Epstein on Drone Attacks

Drone Wars

Right now, the United States and the larger international community is caught in a difficult debate over the use of drones against enemy combatants. Domestically, there is an odd confluence of views. The Obama administration’s policy on drones has been congenial to the conservatives, who oppose him on domestic issues; but his liberal allies, like the American Civil Liberties Union, are dismayed by what they perceive as his administration’s overuse of drones in Pakistan from 2004 to 2012. Has the United States pushed its drone attacks too far or not far enough? Have too many potential targets escaped attack because of an undue fear of excessive “incidental” or collateral damage to the lives and property of innocent non-combatants?
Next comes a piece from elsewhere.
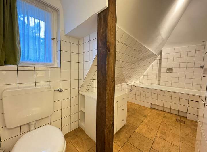 • Ein Wannenbad mit leichten Dachschrägen, die dem Raum einen gemütlichen Charakter verleihen

In this debate, the place to start is with libertarian thought, because it puts the use of force front and center. The root premise of libertarian theory is that no individual is allowed to use force or fraud, alone or in combination, to advance his personal interests over those of others—except in self-defense. The same basic rule is also a bedrock principle of international law. That one indispensable but pesky exception of self-defense complicates both domestic and international affairs. The domestic issues are hard; the international ones, almost impossible.

Self-Defense and Just War Theory

The jurist Hugo Grotius, in his 1625 masterpiece De iure belli ac pacis (On the law of war and peace), sought to apply a natural law approach to the problem of just war. Key to his inquiry is the need to reconcile the personal imperative of self-preservation with the due recognition of the like rights of other individuals, without which human society cannot survive.